The United Nations Special Committee on Decolonization has stated that in the process of decolonization there is no alternative to the colonizer allowing a process of self-determination, but in practice decolonization may involve either nonviolent revolution or national liberation wars by pro-independence groups. It may be intramural or involve the intervention of foreign powers acting individually or through international bodies such as the United Nations. Although examples of decolonization can be found as early as the writings of Thucydides, there have been several particularly active periods of decolonization in modern times. These include the breakup of the Spanish Empire in the 19th century; of the German, Austro-Hungarian, Ottoman, and Russian Empires following World War I; of the British, French, Dutch, Japanese, Portuguese, Belgian and Italian colonial empires following World War II; and of the Soviet Union (successor to the Russian Empire) following the Cold War.
Methods and stages
Decolonization is a political process and vital internalization of the rejection of colonialist mindsets and "norms." In extreme circumstances, there is a war of independence, sometimes following a revolution. More often, there is a dynamic cycle where negotiations fail, minor disturbances ensue resulting in suppression by the police and military forces, escalating into more violent revolts that lead to further negotiations until independence is granted. In rare cases, the actions of the pro-independence movements are characterized by nonviolence, with the Indian independence movement led by Mohandas Karamchand Gandhi being one of the most notable examples, and the violence comes as active suppression from the occupying forces or as political opposition from forces representing minority local communities who feel threatened by the prospect of independence.
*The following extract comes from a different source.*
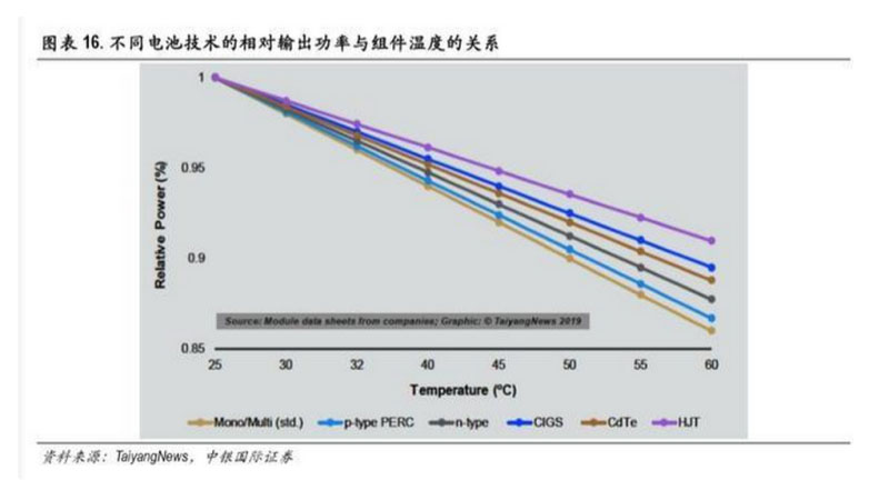 低溫度系數(shù)提高發(fā)電穩(wěn)定性:光伏電池在發(fā)電的過程中由于太陽光的照射和自身電流產(chǎn)生的熱效應(yīng), 電池表面溫度會(huì)有一定程度的上升。一般情況下當(dāng)溫度上升時(shí),光伏電池的開路電壓下降、短路電 流上升,且電壓降幅一般大于電流升幅,因此溫度上升一般會(huì)導(dǎo)致電池轉(zhuǎn)換效率下降。目前主流的 單晶 PERC電池的溫度系數(shù)一般在-0.4%/℃(即溫度每升高 1℃,發(fā)電功率相對(duì)于基準(zhǔn)功率降低 0.4%) 左右,而異質(zhì)結(jié)電池的溫度系數(shù)僅約-0.25%/℃,因此在長(zhǎng)時(shí)間光照溫度升高的情況下,使用異質(zhì)結(jié) 電池的光伏電站發(fā)電量和發(fā)電穩(wěn)定性都更高。
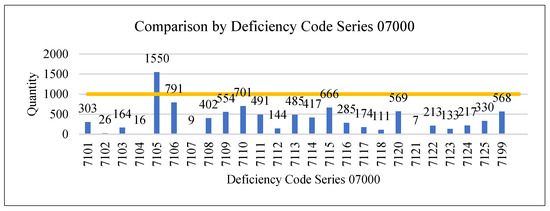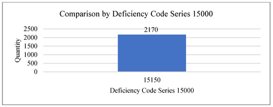 From the database [2], a comparison chart of deficiency codes for each series was obtained. From the chart, we can see that if we compare the series, the series with the highest number of deficiency codes is 18000 (MLC2006, 11177) (Figure 2). If we discuss each series separately, we can see that in 01000 (Certifications and Documentation), 01314 (SOPEP, 915) is the most numerous (Figure A1); in 02000 (structural condition), 02108 (electrical installations seaworthiness, 570) is the most numerous (Figure A2); in 03000 (water/weathertight condition), with 03102 (freeboard marks, 582) the most (Figure A3); in 04000 (emergency systems), with 04103 (emergency, lighting batteries and switches, 840) the most (Figure 3); in 05000 (radio communication), with 05115 (radio log[diary] 321) the most (Figure A4); in 06000 (cargo operations including equipment), with 06105 (atmosphere testing instrument, 129) the most (Figure A5); in 07000 (Fire Safety), with 07105 (fire doors/openings in fire-resisting divisions, 1550) the most (Figure 4); in 08000 (alarms), with 08107 (machinery controls alarm, 239) the most (Figure A6); in 09000 (working and living conditions), with 09232 (cleanliness of engine room, 382) the most (Figure A7); in 10000 (safety of navigation), with 10116 (nautical publications, 828) the most (Figure A8); in 11000 (life-saving appliances), with 11117 (lifebuoys including provision and disposition, 722) the most (Figure A9); in 12000 (dangerous goods), with 12108 (personal protection, 52) the most (Figure A10); in 13000 (propulsion and auxiliary machinery), with 13102 (auxiliary engine, 728) the most (Figure A11); in 14000 (pollution prevention), with 14802 (ballast water record book, 479) the most (Figure A12); in 15000 (ISM), although there is only one deficiency code 15150, but there are many (Figure 5); in 16000 (ISPS), with 16105 (access control to ship, 530) the most (Figure A13); in 18000 (MLC 2006), with 18408 (electrical, 654) the most (Figure A14); in 99000 (others), with 99101 (other safety in general, 250) is the most frequent (Figure A15).

For example, there was a war of independence in French Indochina, while in some countries in French West Africa (excluding the Maghreb countries) decolonization resulted from a combination of insurrection and negotiation. The process is only complete when the de facto government of the newly independent country is recognized as the de jure sovereign state by the community of nations.
Independence is often difficult to achieve without the encouragement and practical support from one or more external parties. The motives for giving such aid are varied: nations of the same ethnic and/or religious stock may sympathize with the people of the country, or a strong nation may attempt to destabilize a colony as a tactical move to weaken a rival or enemy colonizing power or to create space for its own sphere of influence; examples of this include British support of the Haitian Revolution against France, and the Monroe Doctrine of 1823, in which the United States warned the European powers not to interfere in the affairs of the newly independent states of the Western Hemisphere.
As world opinion became more pro-independence following World War I, there was an institutionalized collective effort to advance the cause of decolonization through the League of Nations. Under Article 22 of the Covenant of the League of Nations, a number of mandates were created. The expressed intention was to prepare these countries for self-government, but are often interpreted as a mere redistribution of control over the former colonies of the defeated powers, mainly the German Empire and the Ottoman Empire. This reassignment work continued through the United Nations, with a similar system of trust territories created to adjust control over both former colonies and mandated territories.
In referendums, some colonial populations have chosen to retain their colonial status, such as Gibraltar and French Guiana. There are even examples, such as the Falklands War, in which an Imperial power goes to war to defend the right of a colony to continue to be a colony. Colonial powers have sometimes promoted decolonization in order to shed the financial, military and other burdens that tend to grow in those colonies where the colonial governments have become more benign.
Decolonization is rarely achieved through a single historical act, but rather progresses through one or more stages of decolonization, each of which can be offered or fought for: these can include the introduction of elected representatives (advisory or voting; minority or majority or even exclusive), degrees of autonomy or self-rule. Thus, the final phase of decolonisation may, in fact, concern little more than handing over responsibility for foreign relations and security, and soliciting de jure recognition for the new sovereignty. But, even following the recognition of statehood, a degree of continuity can be maintained through bilateral treaties between now equal governments involving practicalities such as military training, mutual protection pacts, or even a garrison and/or military bases.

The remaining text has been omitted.